Portrait | « La RSE est bien plus qu’une contrainte, [c’est] une opportunité pour le développement de l’entreprise. »

Issue d’un parcours en marketing et communication RSE, Dominique Royet a été pionnière en créant la politique des partenariats avec le monde économique au WWF de 1999 à 2009. Elle a ensuite co-fondé un cabinet consulting RSE (GreenFlex) puis en 2015, a pris la Direction Générale de Max Havelaar.

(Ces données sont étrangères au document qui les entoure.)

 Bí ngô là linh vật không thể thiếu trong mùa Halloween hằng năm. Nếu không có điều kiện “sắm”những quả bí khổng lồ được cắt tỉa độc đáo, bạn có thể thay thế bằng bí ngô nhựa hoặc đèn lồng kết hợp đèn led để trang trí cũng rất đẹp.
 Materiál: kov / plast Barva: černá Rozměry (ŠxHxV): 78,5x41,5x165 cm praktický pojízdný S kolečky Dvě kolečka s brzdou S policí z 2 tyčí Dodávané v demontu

Engagée dans la voie du développement durable, Dominique Royet accompagne aujourd’hui les entreprises dans leurs actions à impact RSE et leur communication au sein de HYSSOP AGENCY

Dans cette interview, Dominique Royet nous parle de l’éveil des consciences des chefs d’entreprise au niveau environnemental et des enjeux autour de la RSE pour les TPE-PME.

Bonjour Dominique, parlez-nous de votre agence et de votre méthode.

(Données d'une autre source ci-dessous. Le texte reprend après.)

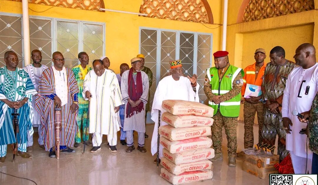 (Ouagadougou, 20 janvier 2026). Sa Majesté le Mogho Naaba Baongo a remis, ce mardi, du ciment, des agrégats et du matériel à l’Initiative présidentielle Faso Mêbo.
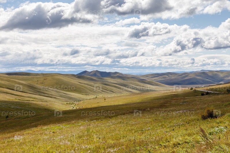 Монгольская степь на фоне облачного неба, красивый пейзаж. Монголия

HYSSOP est une agence globale qui couvre à la fois les sujets d’expertises techniques RSE (diagnostics, plans d’actions, eco-conception…) et les sujets de communication (positionnement RSE, branding, plan de communication).

Avec mes associés, David Garcia (création-communication) et Guillaume Gozé (stratégie de marque), nous avons constitué une alliance de compétences senior qui nous permet d’avoir une vision d’ensemble de la politique RSE d’une entreprise.

Nous sommes formés aux méthodes du co-design qui permettent de mettre l’intelligence collective au service de l’action. Notre méthode consiste à co-construire sur une problématique, avec les acteurs concernés mais aussi des intervenants extérieurs qui apportent une vision différente du même problème.

Par quels moyens la RSE permet-elle de dynamiser son activité ?

Les statistiques parlent d’elles-mêmes :

  • 90% des salariés estiment que leur entreprise doit permettre de donner du sens à leur travail (Étude IPSOS et CESI, juin 2020)
  • 55% des collaborateurs (76% chez les millenials) estiment davantage l’engagement d’une entreprise que le salaire (Cone Communications, CSR Study, 2017)
  • 74 % des Français disent avoir changé tout (15 %) ou une partie (59 %) de leurs comportements de consommation pour en réduire l’impact.
    (Source : Baromètre Greenflex-Cetelem 2019)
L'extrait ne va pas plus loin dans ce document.